Tra giudice, conciliatore, mediatore e arbitro ci sono differenze antropologiche che emergono quando si parla di soluzioni alternative. In particolare il ricorso all’arbitro è una sorta di scommessa che ci possa esser una parte imparziale. Questa è nominata di comune accordo dalle parti e per questo è vicino è equidistante dalle parti in gioco. L’arbitro è tuttavia minato dal diritto insopprimibile di ricorrere al giudice: tuttavia nei regolamenti di molte camere emerge una sorta di mimesi tra regole arbitrali e di procedura vigente ma ciò dipende soprattutto dalla cultura del processo come monopolio di una competenza esclusiva del giurista. Nella giustizia di prossimità rimane cmq ancora importante l’arbitro.

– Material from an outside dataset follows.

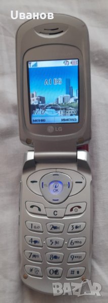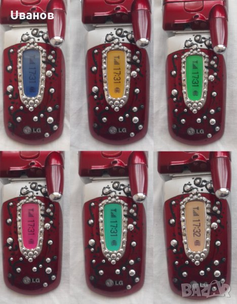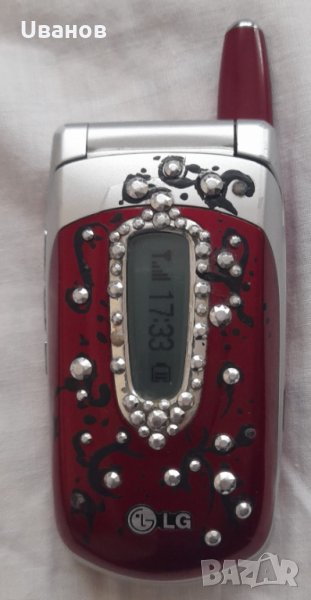 Мобилен телефон LG G5400, с два дисплея, ръчно изрисуван и облепен с изкуствени камъчета преден панел, сравнително запазен за годините си. Комплекта включва: телефона, LG слушалка/ хендсфрии, LG зарядно устройство, LG DataKit кабел за връзка с компютър, диск LG Entertainment Pack with Data Tool Kit, инструкция за употреба на български език, оригиналната му кутия за пренос/ съхранение. Основни параметри:

Parlando invece di mediazione: essa è nel mezzo tra due estremi coincidendo con la loro relazione e la loro esistenza. La mediazione prende in carico il problema . E’ una posizione difficile ma non è uno spazio di sottrazione, come quello del giudice che deve perdere l’identità mascherandosi dietro la legge. Chi media non può far l’interesse dell’una o dell’altra parte in quanto si trasformerebbe in un avvocato o giudice, magari corrotti. Il mediatore sta con le parti e non trova uno spazio neutro: qui risiede la grande utopia del moderno che è la terzietà. Quindi deve perdere la neutralità fino in fondo: in questo modo diviene mezzo per la pacificazione e rimedio per il conflitto grazie allo stare tra i contendenti.

La statistica, la geopolitica e l’ermeneutica ci possono venir in aiuto riguardo alla sapienza del mediatore giudice: il rapporto scalare tra due valori estremi immaginabili come numeri o valori esponenziali dello stesso genere ci da media, moda e mediana. La media presuppone separazione ma esclude congiunzione, risolvendo il conflitto interrompendo ogni comunicazione e escludendo passato e futuro: è un giudizio salomonico e si esprime come misura paradossale della decisione oltre che valore intermedio. La moda indica invece preferenze maggiormente espresse escludendo le minoranze: si parla di principio maggioritario. La mediana invece, che è la più specifica per l’esperienza di mediazione, indica il punto intermedio che ha il vantaggio di esser a uguale distanza dai termini ultimi: in questo modo è davvero prossima a ambo le parti ed è il vero spazio comune ai due termini opponenti, in pratica rimette le parti confligenti in grado di ricominciare a comunicare questo è lo scopo della mediazione).